José Alfredo Jiménez fue el poeta de la desolación marginal y la lírica cantinera. Las letras de sus canciones están llenas de filosofía popular, poesía, melancolía amorosa y otros sentimientos, con los que se identificaron miles de corazones rotos, solitarios, marginados, orgullosos de su origen y esperanzados de un para siempre.

José Alfredo transcendió y hoy conecta con un público que no lo vio ni escucho vivo. Algunos desprecian la simplicidad de sus letras y la marginalidad de los temas que abordó; otros lo admiran y se identifican con ese mundo doliente y romántico que vislumbró.

Todos tenemos en los labios una canción de José Alfredo. Hoy analizamos por qué fue y es tan popular y socorrido.

Tomen la bebida alcohólica de su preferencia y sigan leyendo.

Poesía popular

Sus canciones podrían recitarse como poesía y pasarían como tal.

Si nos dejan / buscamos un rincón cerca del cielo / Si nos dejan / haremos con las nubes terciopelo / Y allí, solitos los dos / cerquita de Dios / será lo que soñamos / …Si nos dejan / de todo lo demás nos olvidamos.

José Alfredo supo recrear el sabor de los sentimientos, la nostalgia y la ironía, tanto del enamorado como del abandonado, del que quiere a morir y el que muere hundido en la soledad. Sus palabras fueron poesía llana y próxima a las emociones terrenales. Imprimió una lirica sin complejidad e hizo de lo cotidiano una pieza digna de admirar. 

Filosofía etílica

Adaptó ideas populares para mover emociones, como cuando el borracho tiene respuestas para todas las dudas nocturnas.

No tengo trono ni reina / ni nadie que me comprenda / pero sigo siendo el rey… Se puede tener todo si no se espera nada de nadie, parece decir José Alfredo.

Una piedra en el camino/me enseñó que mi destino/era rodar y rodar… Suena a aquel dicho: deja que las cosas fluyan

También me dijo un arriero / que no hay que llegar primero / sino hay que saber llegar… Suena a tómate tu tiempo, una cosa a la vez. 

Destino implacable

Añoranza, resplandores de alegría o de la tristeza, nada de temor ni incertidumbre, eso era lo que cantaba. Sus canciones reflejan el espíritu de quien descubre la resignación por encima de un mundo que se desvanece.

Por lo pronto me sigo de frente / y me voy sin decirte ni adiós / por si acaso volvemos a vernos / allá cuando nada valgamos los dos...

Vueltas de la vida

La vida empieza con llanto y con llanto termina. En José Alfredo la vida es cíclica, como una forma de ouroboros (la serpiente que se muerde la cola)... Símbolo del infinito. Todo lo que nace regresa a su origen.

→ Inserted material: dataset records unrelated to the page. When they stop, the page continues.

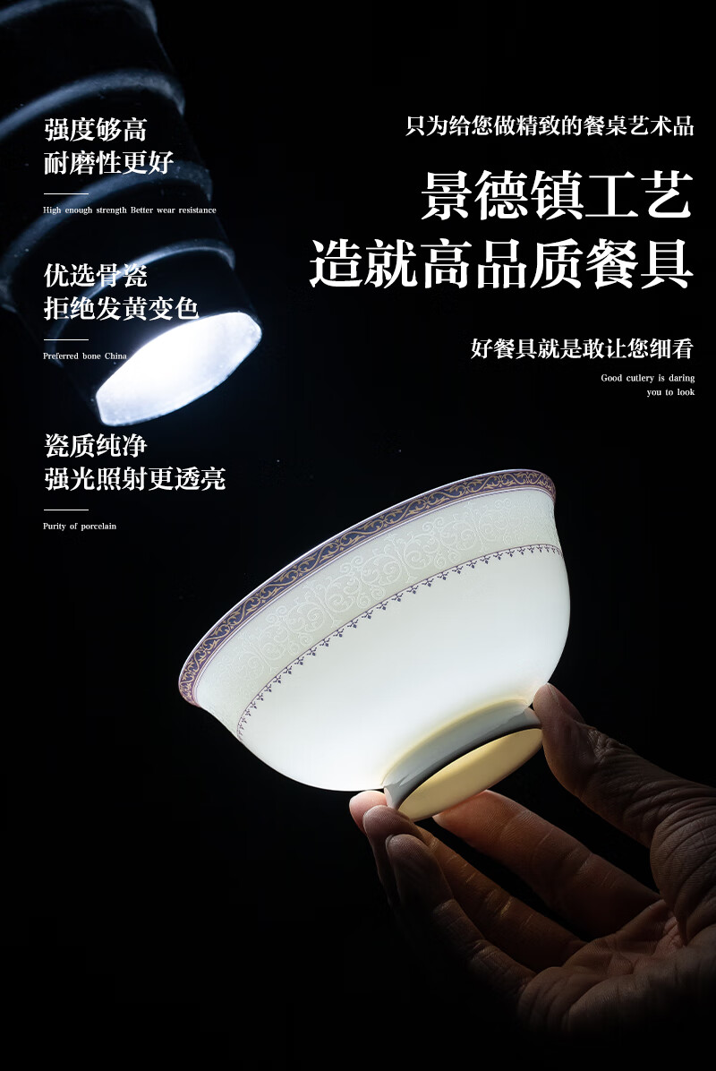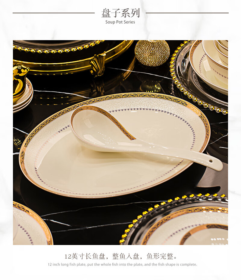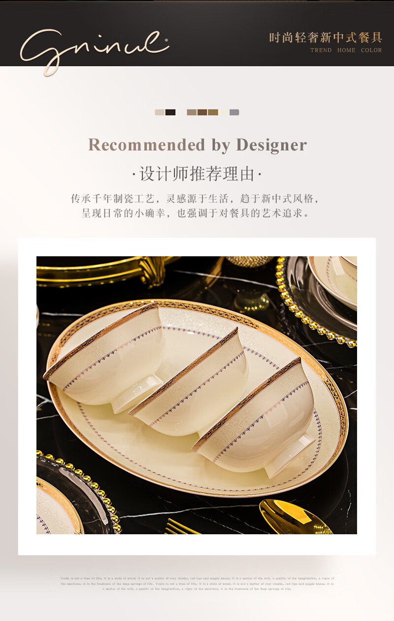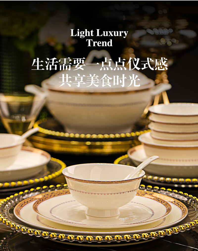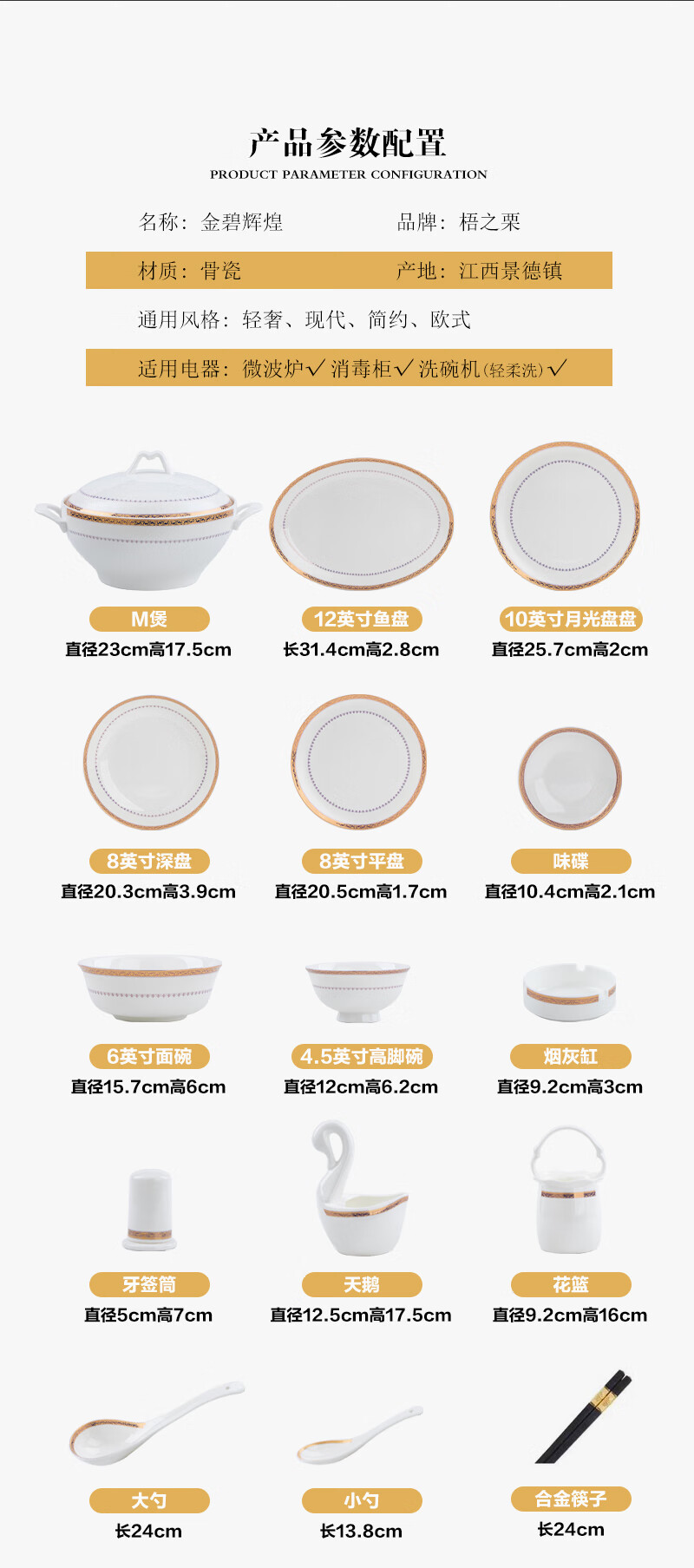 Wuzhili European-style Jingdezhen bone china tableware set, light luxury and high-end, complete set of ceramic bowls, plates, chopsticks, housewarming gift, with pot, high temperature, non-fading, gift box, 40 pieces
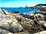 南国の島には珍しい大きな花嵩岩の海岸 |
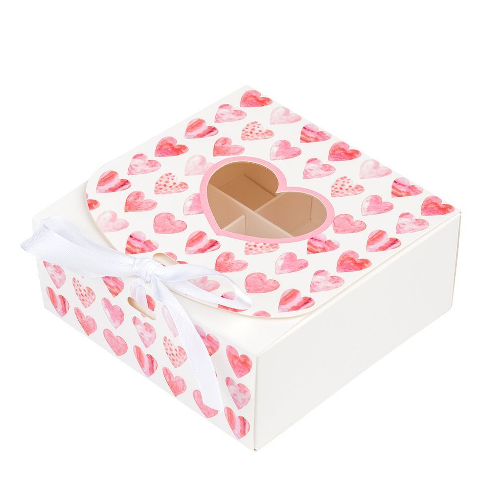 Коробка бумажная для конфет Сердца красные с окном и лентой. Используют для упаковки и транспортировки конфет при доставке.
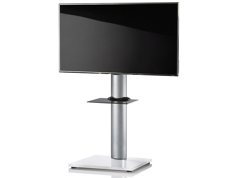 Der VCM TV Ständer Onu Weißlack mit Regal ohne Rollen ist eine Kombination aus hochwertiger gebürtester Aluminiumsäule und und schwarzen Bodenträger. Der clevere VCM Kabelkanal an der Rückseite macht die Kabel nahezu unsichtbar und sorgt für eine schöne Ordnung. Der Fernsehständer ist speziell entwickelt für den professionellen Einsatz in Hotels, Schulen, Arztpraxen, Konferenzräumen, Messen, Flughäfen, öffentlichen Einrichtungen, Autohäusern, Ausstellungsräumen etc..
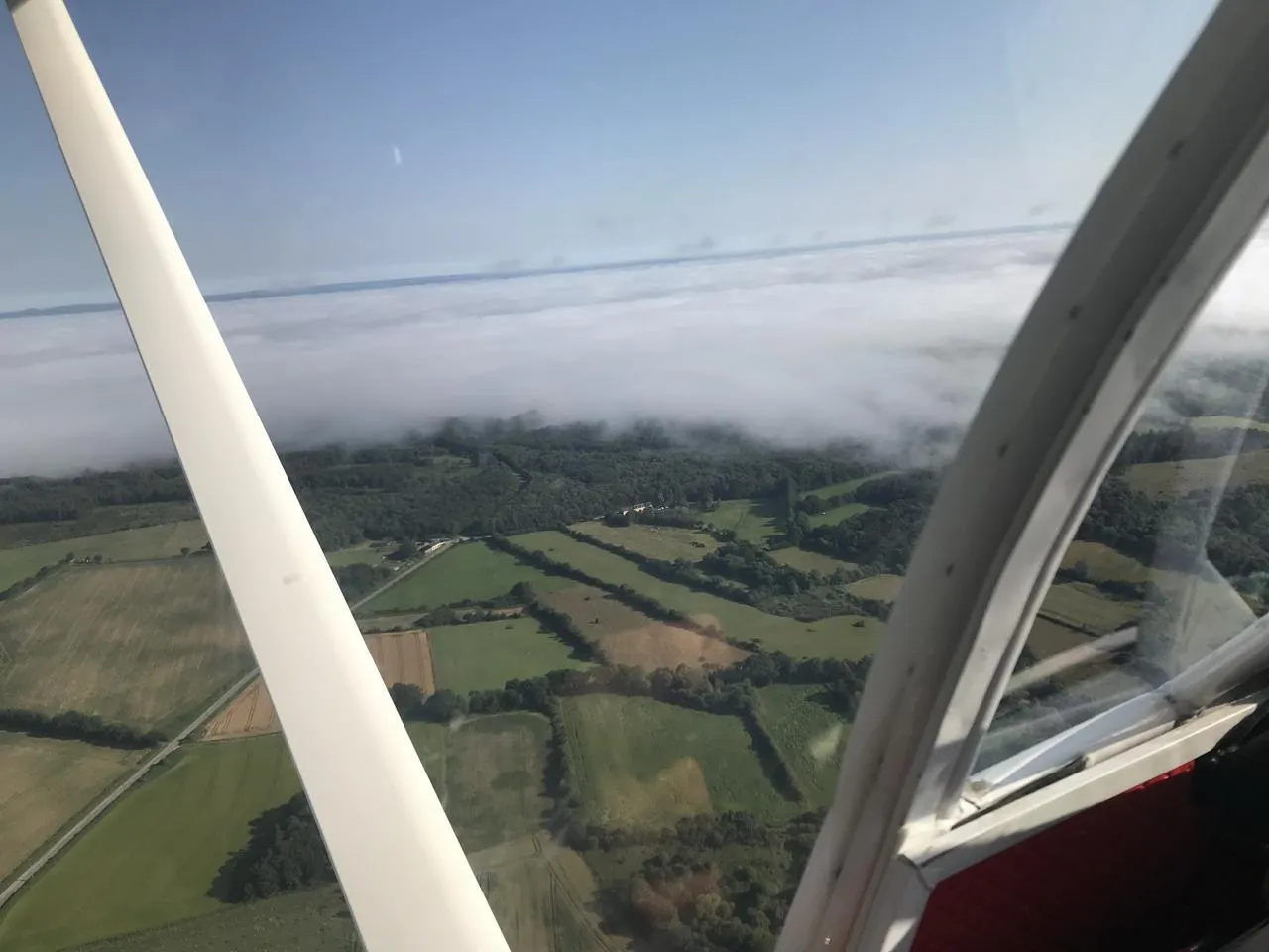 En regardant le sol depuis son ULM, Jean Troadec voit une grande carte qui se déroule sous ses ailes. « Je retrouve mes cours de géographie de l’école primaire avec les grandes cartes où était écrit : grandes cultures, élevage, vignoble… » © CO – Joël AUDOUIN

La vida no vale nada / comienza siempre llorando / y así llorando se acaba…

Todo en la vida se regresa, a toda acción obedece una reacción

Qué bonita es la venganza / cuando Dios nos la concede / yo sabía que en la revancha te tenía que hacer perder / ahí te dejo mi desprecio / yo que tanto te adoraba pá que veas cuál es el precio / de las leyes del querer.

Temperamento del pueblo

Reconoció las virtudes y vicios de un pueblo eternamente dolido y solitario. Encontró la forma de juntar la ternura con el coraje (la bravura y la lucha) y transmitirlo con sencillez coloquial. 

No me importa qué diga la gente / que en el alma no tengo valor / Si en el pleito me vieron valiente / hoy véanme cobarde / llorando de amor.

Adoración sin límites…

Para él, el mundo era un gran desierto en el que sólo el amor podía ampararnos. En sus canciones mostró su lado pasional y desenfrenado. Aunque también lo efímero del placer, la vanidad de la alegría y la desesperación de hablar a solas.

Yo te voy a decir / lo que nunca te han dicho / este amor, que es tu amor / te lo va a repetir / te quiero, te quiero, te quiero, te quiero…

Genio nacional

 

Sus letras surgidas del barrio, las cantinas, cabarets y las fiestas reflejaban la plenitud de la experiencia viva de José Alfredo y su entendimiento con el pueblo. Hizo de la brevedad y la sencillez su estilo. Tomó el ingenio del talante mexicano, sus furias y sus penas y los hizo canción.

Nada me han enseñado los años / siempre caigo en los mismos errores / otra vez a brindar con extraños / y a llorar por los mismos dolores.